BigramHash Embedding — hashes (prev_token, curr_token) pairs into 10,240 buckets using a simple XOR hash, projecting to a 128-dim bigram embedding that is added to the standard token embedding. Initialized to zero (no-op at start), the model learns to use bigram context where it helps. Cheap (~1.3M params) and effective.
SmearGate — a learned per-dimension sigmoid gate that blends each token's embedding with the previous token's embedding. ~512 parameters total. Initialized to zero (no blending), so it only activates if it helps. Essentially a soft learned 1-gram lookahead within the embedding.
Int6 QAT (Quantization-Aware Training) — fake-quantizes weights to 6-bit range [-32, 31] during the forward pass using a straight-through estimator (STE), so gradients flow normally. Applied from step 0. At export, weights are actually quantized to int8 containers (6-bit range), which zstd can compress aggressively. Tied embeddings and small/control tensors are kept in fp16.
zstd-22 compression — replaces zlib. At level 22 (max), zstd compresses int6 weights significantly better than zlib-9 due to the restricted value range [-32, 31].

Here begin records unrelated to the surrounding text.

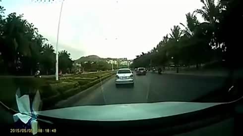 监控实拍:两学生摩托飙车 重重摔在地上 太惊险...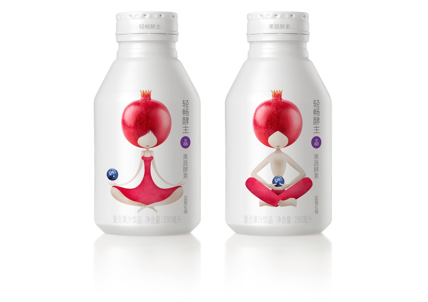 設(shè)計(jì):我們的客戶將產(chǎn)品指定為“可飲用瑜伽”。我們始終忠實(shí)于該描述,以尋找能夠最流暢地傳達(dá)信息的插圖。我們以瑜伽為靈感的角色是人類水果嬉戲的混合體,僅限于優(yōu)美的曲線線條和自然色彩,因此可以自然,樸實(shí)的方式喚起品位,寧靜和身心健康。兩種水果-植物的組合(諾麗和接骨木花/玫瑰,石榴和藍(lán)莓)在每個(gè)角色的特征中都很明顯,而包裝的其余部分則保持白色,并平衡所有相關(guān)信息的字體。這是一個(gè)包裝,著重于不同設(shè)計(jì)元素的有效和流暢的協(xié)作,以建議您放心,保持身體平衡以及天真,年輕的心情。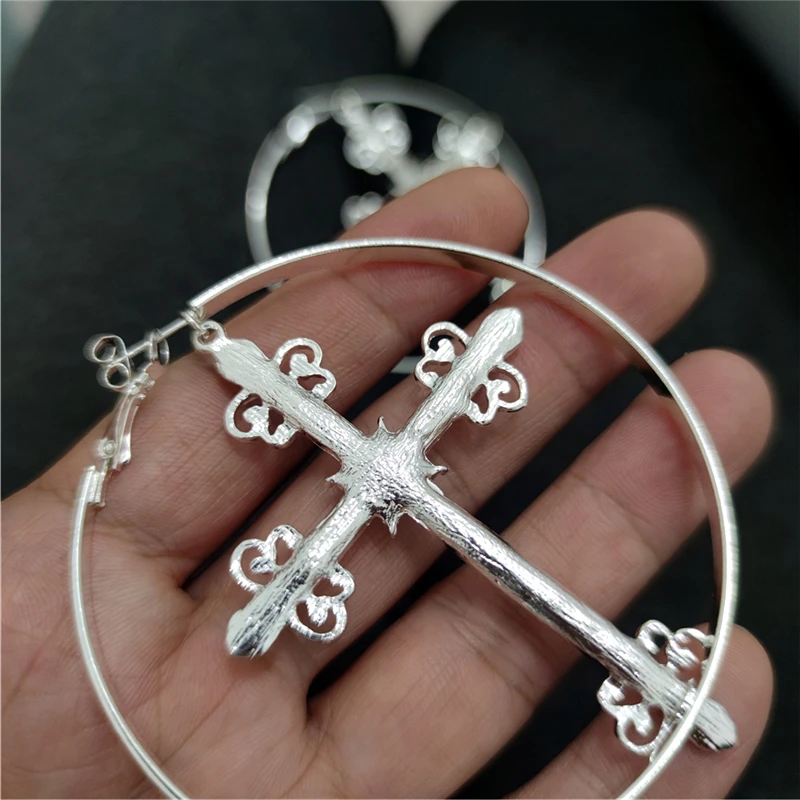 KUGUYS Большая подвеска в форме Креста, серьги для женщин, серьги с металлическими кристаллами золотого и серебряного цвета, ювелирные изделия, Круглые винтажные аксессуары
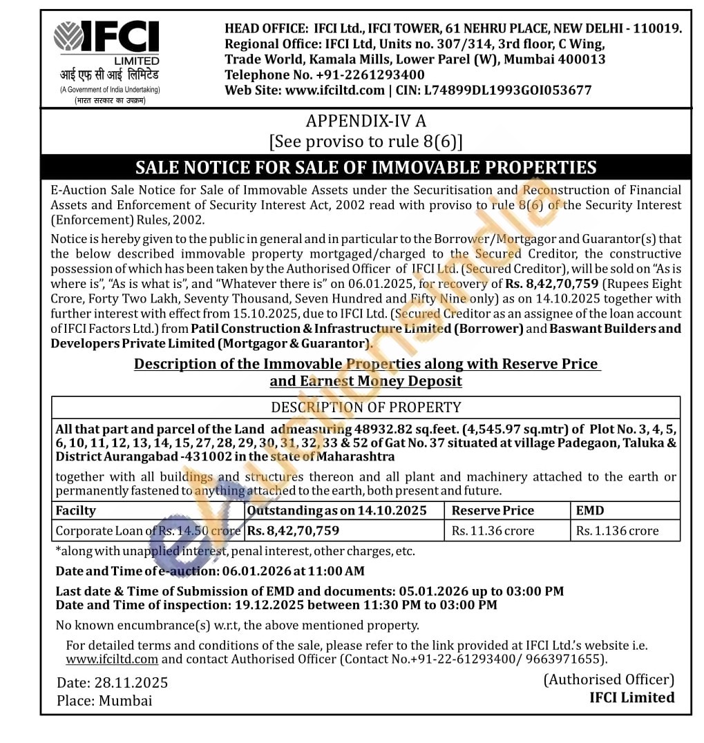 All that part and parcel of the Land admeasuring 48932.82 sq.feet. (4,545.97 sq.mtr) of Plot No. 3, 4, 5, 6, 10, 11, 12, 13, 14, 15, 27, 28, 29, 30, 31, 32, 33 & 52 of Gat No. 37 situated at village Padegaon, Taluka & District Aurangabad-431002 in the state of Maharashtra

3× MLP width — mlp_mult=3, wider FFN. Consistent with top leaderboard entries.
SWA (Stochastic Weight Averaging) — collects model snapshots during the final ~600 steps (when lr_mul < 0.2) every 50 steps, averages them. Gives a small but reliable BPB improvement at no extra training cost.
Sliding window eval — recovers ~0.02 BPB over standard fixed-window eval by using stride-64 overlapping windows, giving the model more context on average.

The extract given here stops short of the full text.